Field Response of Black Turpentine Beetle to Pine Resin Oxidation and Pheromone Displacement

The black turpentine beetle, Dendroctonus terebrans, is an economically important pest of pines in the Southeastern U.S., with a high potential for invasion to other pine-rich regions. Dendroctonus terebrans attraction to an injured host tree lessens over time as the host material degrades. Likewise, kairomonal volatiles emitted from the host change as constituents of the defensive resin oxidize. Therefore we hypothesized that volatiles associated with a fresh host would be more attractive to D. terebrans than those associated with a dead or dying host. We replicated the natural oxidation process of turpentine, fractionated the distilled products to isolate the oxidized products, and deployed the complex mixtures to measure field attraction based on the amount of oxidation performed. Contrasting with previous studies, our results suggest that D. terebrans attraction is not primarily based on host tree degradation. In a second experiment incorporating Dendroctonus pheromones, we demonstrate D. terebrans has a displacement-dependent response to endo-brevicomin, a pheromone associated with the sympatric southern pine beetle, D. frontalis.
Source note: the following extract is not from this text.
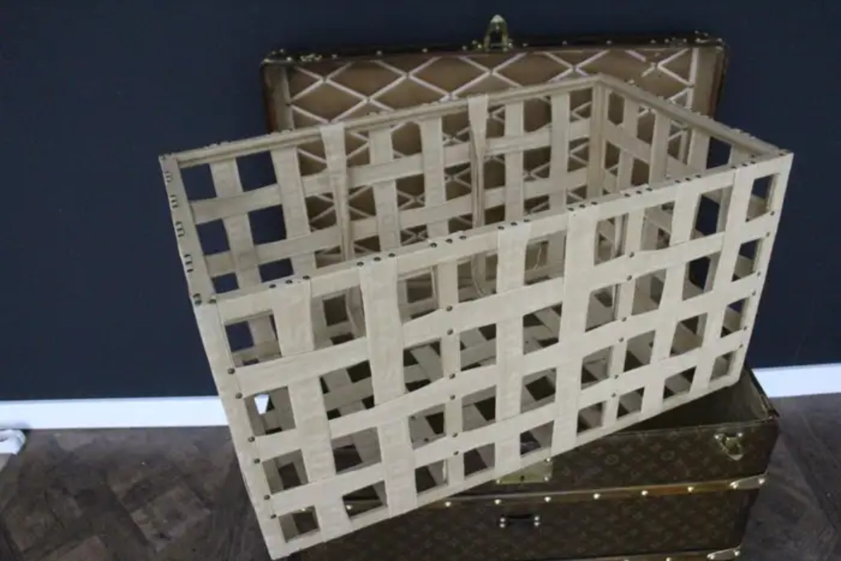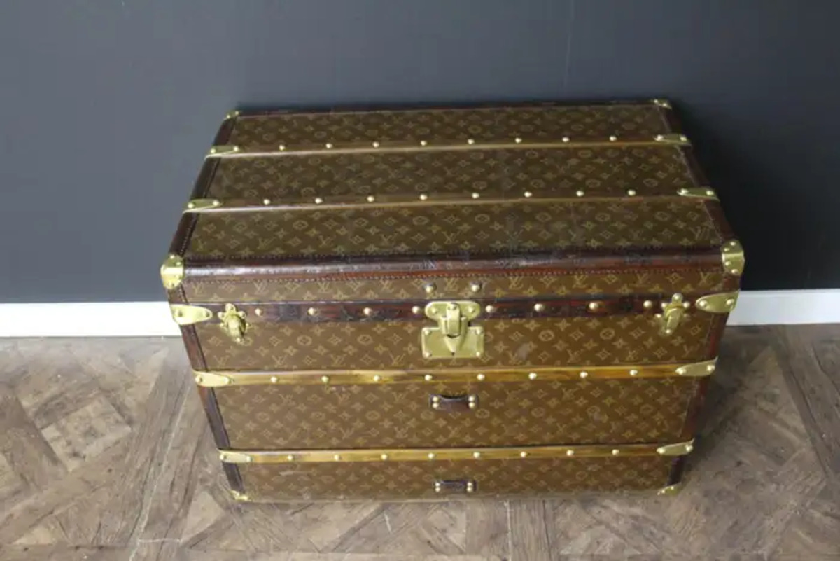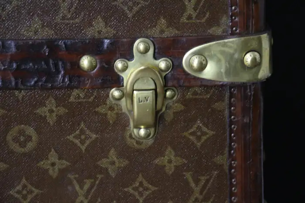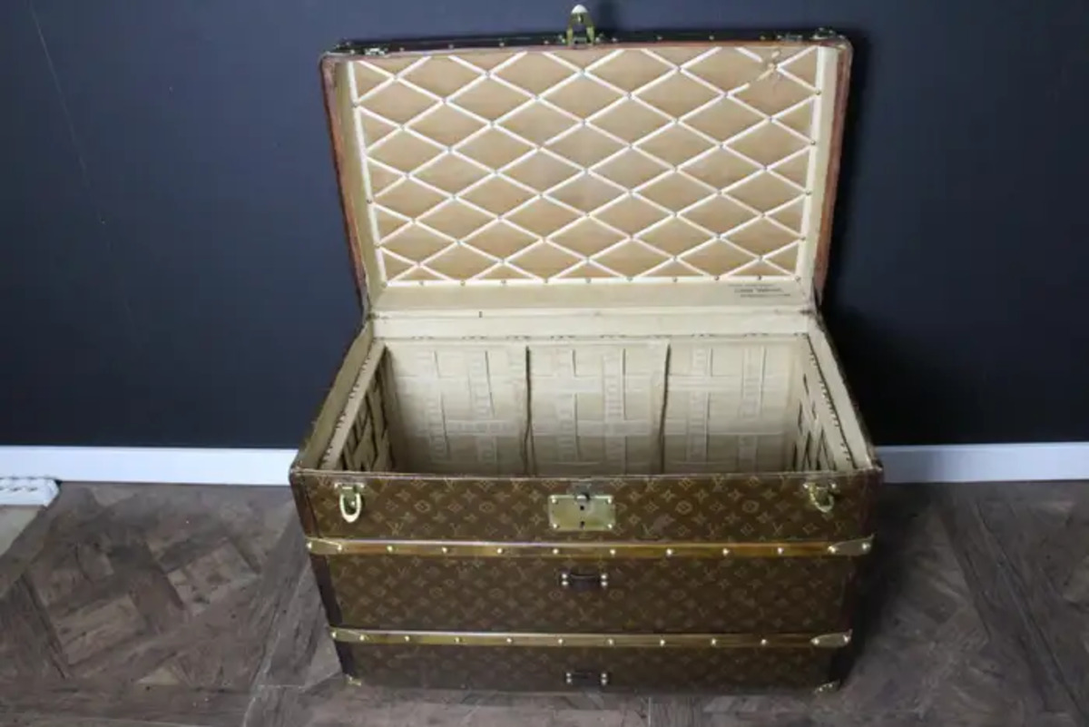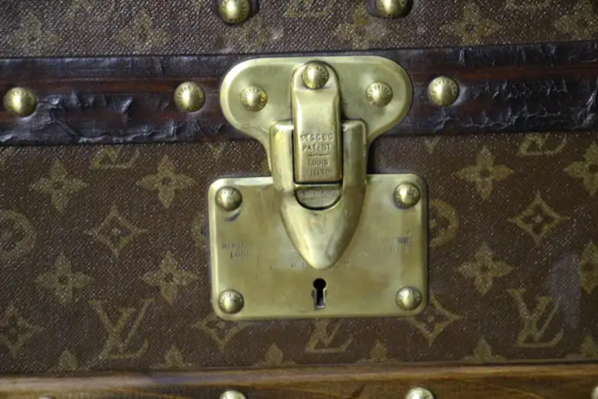 Superbe malle Louis Vuitton avec toile peinte au pochoir, bordures en cuir couleur chocolat profond, fermoirs, serrure et clous en laiton massif estampillés Louis Vuitton, coins en laiton massif et poignées latérales en laiton massif estampillées LV. Mesure : 76 cm Drapeau français peint personnalisé et bandes sur les côtés. Veuillez noter que ses poignées en laiton massif sur les côtés sont un peu tordues, comme le montrent les photos. Cette malle a conservé son intérieur d’origine et n’a jamais été regarnie, elle a également conservé son capiton d’origine sous son capot. Cette malle à chapeau Vuitton 75 cm a également conservé son étiquette Louis Vuitton d’origine ainsi que son numéro de série. Le capiton est un peu déchiré en haut à droite, comme le montrent les photos, mais il est d’origine. En dessous, elle était faite de zinc pour la protéger de l’humidité lors des voyages. Cette malle Vuitton est en très bon état, comme il se doit compte tenu de son âge, environ 100 ans. Parfaite pour être utilisée comme table basse, malle en bout de lit ou table d’appoint.

This has implications not only for possible interspecific signaling, but also for the role of endo-brevicomin in D. terebrans colonization behavior. The results from this study broaden the understanding of D. terebrans chemical ecology and directly contribute to the development of an effective lure-based monitoring system that will benefit future research and management efforts. This may become important if the species is established outside its native range, as in the closely related red turpentine beetle, Dendroctonus valens, which caused mass pine tree mortality following its introduction to Asia.

Automated summary

This study found that the black turpentine beetle is more attracted to fresh host trees and has a displacement-dependent response to pheromones associated with the southern pine beetle. These findings contribute to the understanding of the chemical ecology of the black turpentine beetle and have implications for the development of a monitoring system.